A plan fiduciary must be mindful of its obligations under Section 404(a) in selecting such a service provider. In an information letter issued to Theodore Konshak on Dec. 1, 1997, available at https://www.dol.gov/ebsa/regs/ILs/il120197.html, the DOL stated in part as follows:
In selecting a service provider * * *, the responsible plan fiduciary must engage in an objective process designed to elicit information necessary to assess the qualifications of the service provider, the quality of the work product, and the reasonableness of the fees charged in light of the services provided. In addition, such process should be designed to avoid self-dealing, conflicts of interest or other improper influence. What constitutes an appropriate method of selecting a service provider, however, will depend upon the particular facts and circumstances. Soliciting bids among service providers at the outset is a means by which the fiduciary can obtain the necessary information relevant to the decision-making process. Whether such a process is appropriate in subsequent years may depend, among other things, upon the fiduciary’s knowledge of a service provider’s work product, the cost and quality of services previously provided by the service provider, the fiduciary’s knowledge of prevailing rates for the services, as well as the cost to the plan of conducting a particular selection process. Regardless of the method used, however, the fiduciary must be able to demonstrate compliance with ERISA’s fiduciary standards.

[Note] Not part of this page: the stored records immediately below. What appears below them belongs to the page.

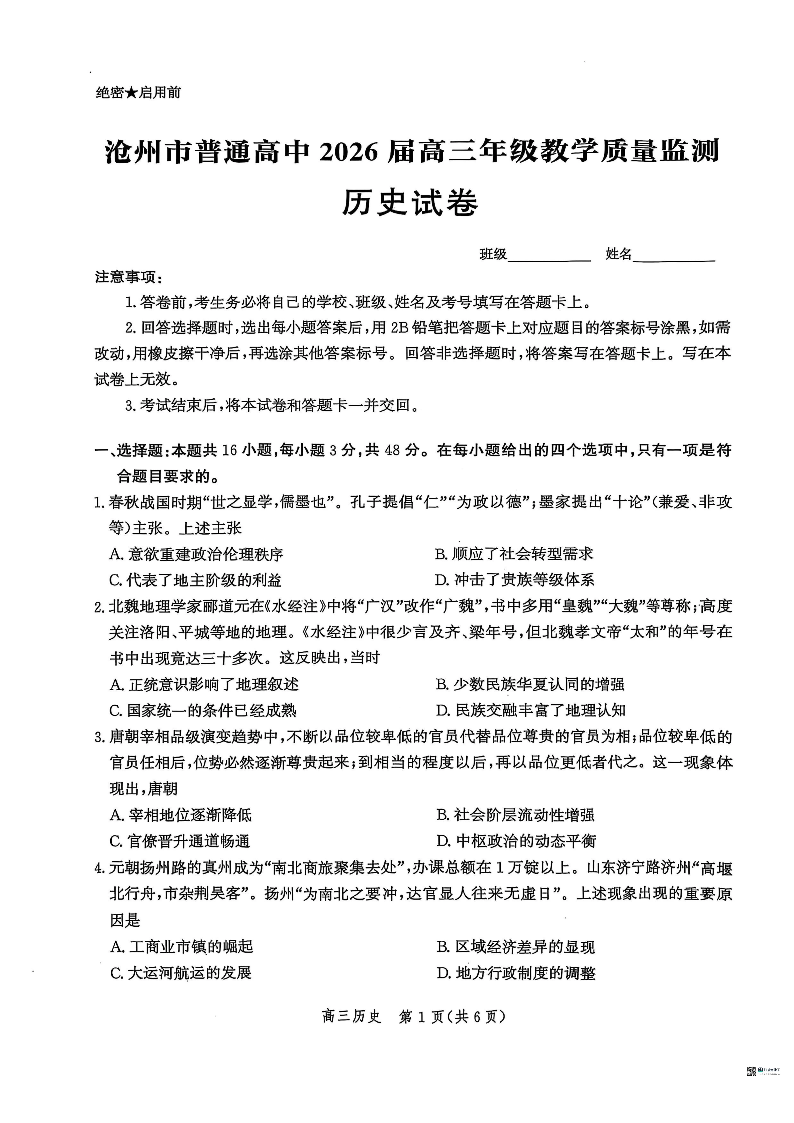 河北省沧州市普通高中2026届高三年级教学质量监测 历史试题(含答案).pdf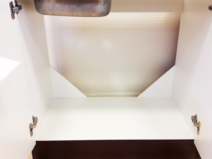 Køkkenmøbler kan ofte købes som et sæt eller ved at kombinere skabe separat. I begge muligheder er der et mellemrum bag hvert køkkenskab langs væggen, designet til VVS. Den større dybde i skabe til indbyggede apparater og hjørneenheder skyldes, at disse skabe ikke har mellemrum til rørføring. Dette mellemrum er skjult af bordpladen ovenfra. Hvis skabe sælges uden bordplader, skal disse købes og fastgøres separat. Bordpladen fastgøres med skruer og sælges uden forudskårne områder til vaske eller kogeplader. Når du køber et hjørneskab, er det vigtigt at købe en bordpladesamler for at eliminere eventuelle mellemrum i hjørnet.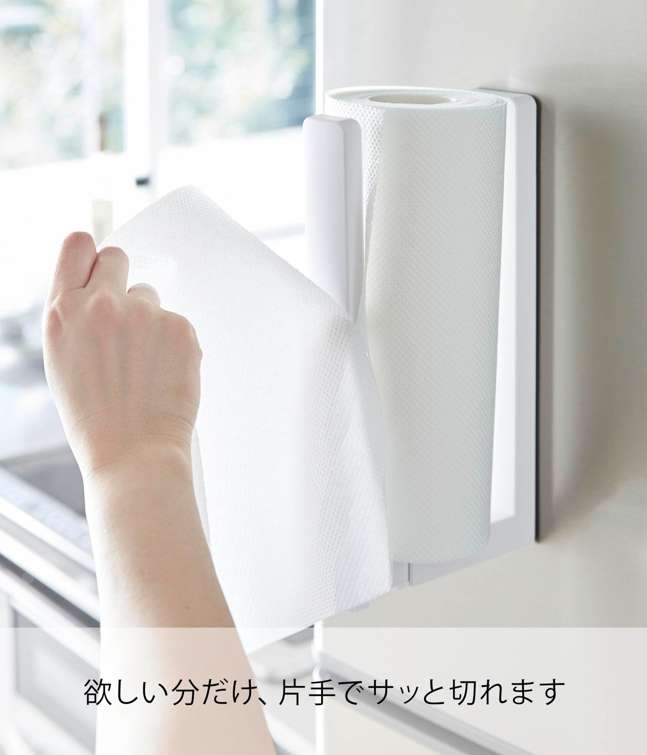 山崎実業(Yamazaki) ストッパー付 マグネット キッチンペーパーホルダー ホワイト 約W5×D10.2~17.5×H24.5cm タワー tower 片手で切れる 3398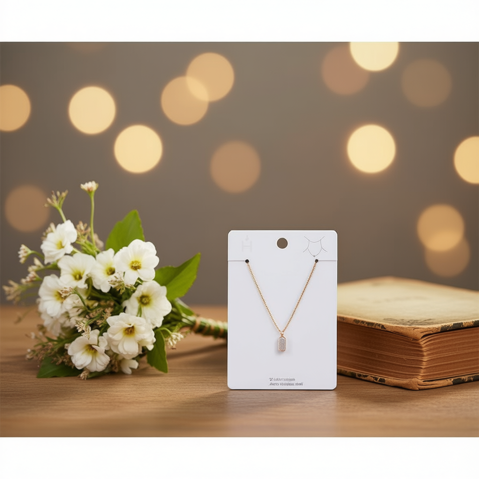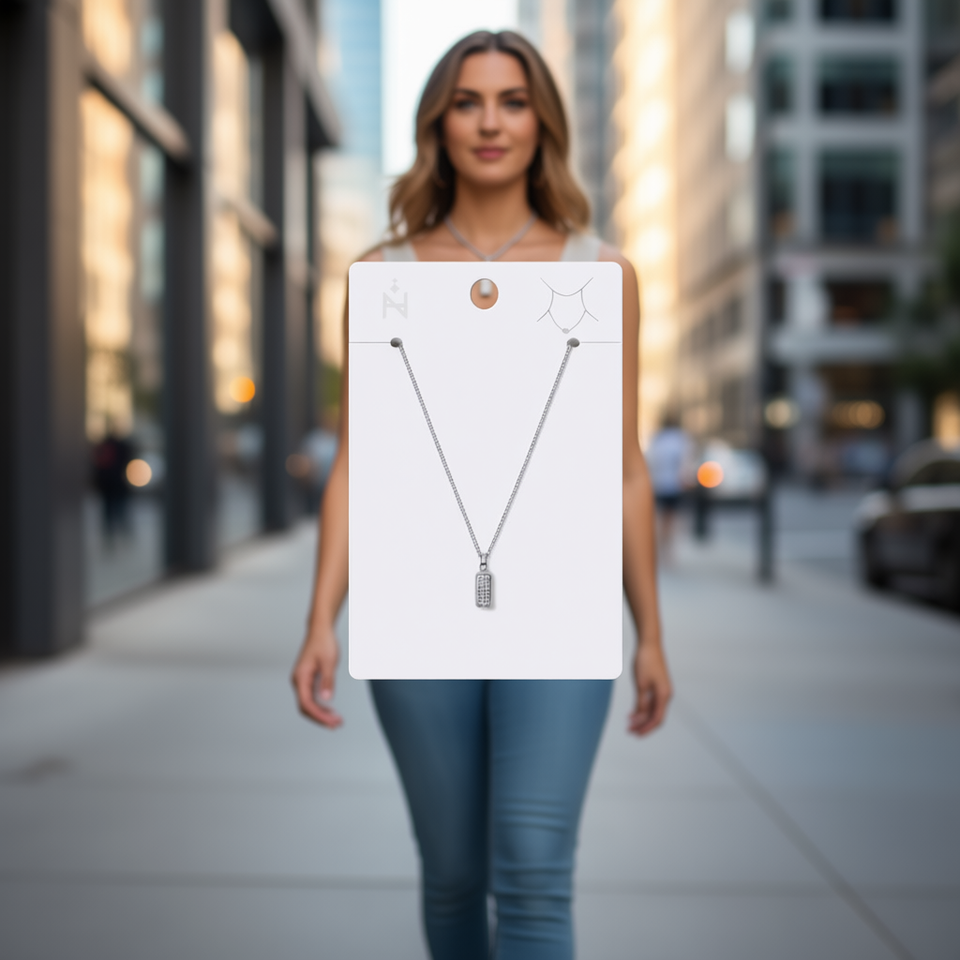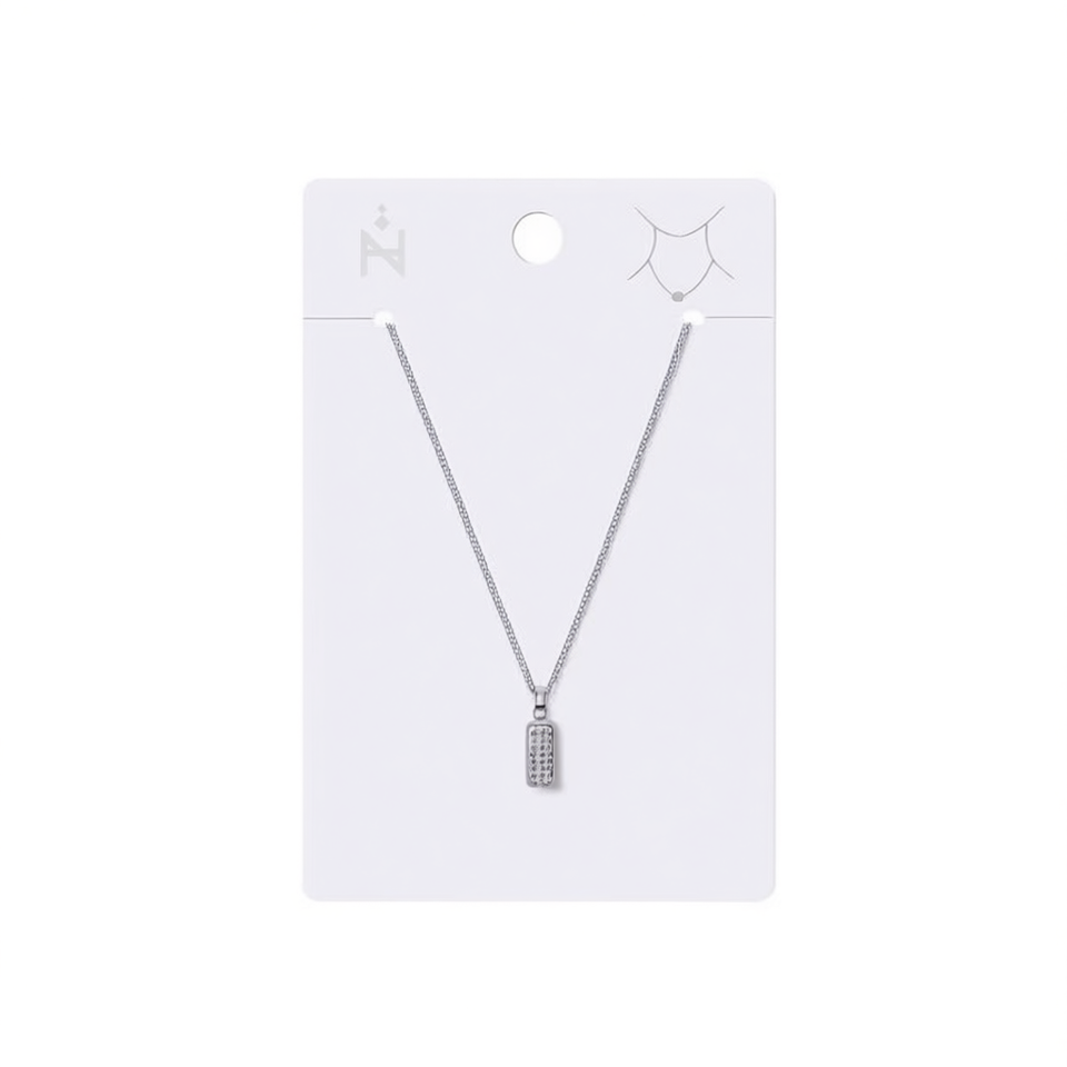 Collana con Ciondolo Angelina in Acciaio Inossidabile, Rettangolare con Cristalli e Strass, Gioiello da Donna alla Moda, Catena a Serpente con Incastonatura a Castone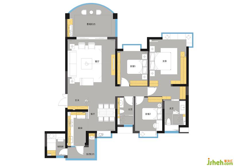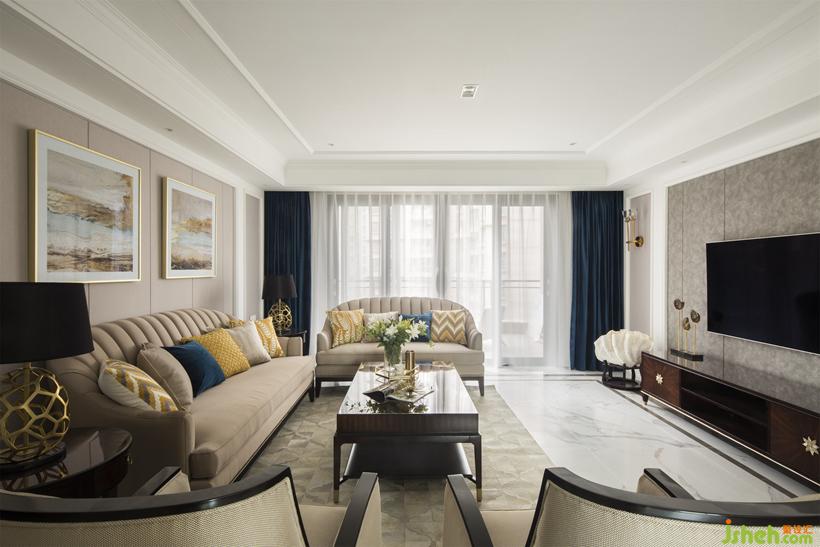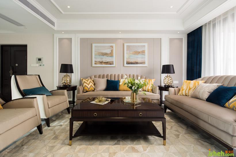 暗金色的饰品挂画,搭配可至的贝壳沙发,营造适合屋主的居家品味。设计公司

If the DOL were updating the information letter today, the enumerated selection factors might well include an assessment of the proposed service provider’s cybersecurity measures for any participant data to be maintained online.
Given the severe consequences of a data breach, no plan fiduciary should wait until the DOL issues ERISA guidance before addressing cybersecurity issues. Instead, fiduciaries should assume that the security of participant data stored online is their responsibility under ERISA and act accordingly.
In future posts, we will consider such issues as the interaction of ERISA and other federal laws as they relate to data privacy and security, whether ERISA preempts state privacy laws and what criteria, including independent audits, should be used to assessing service providers’ cybersecurity arrangements.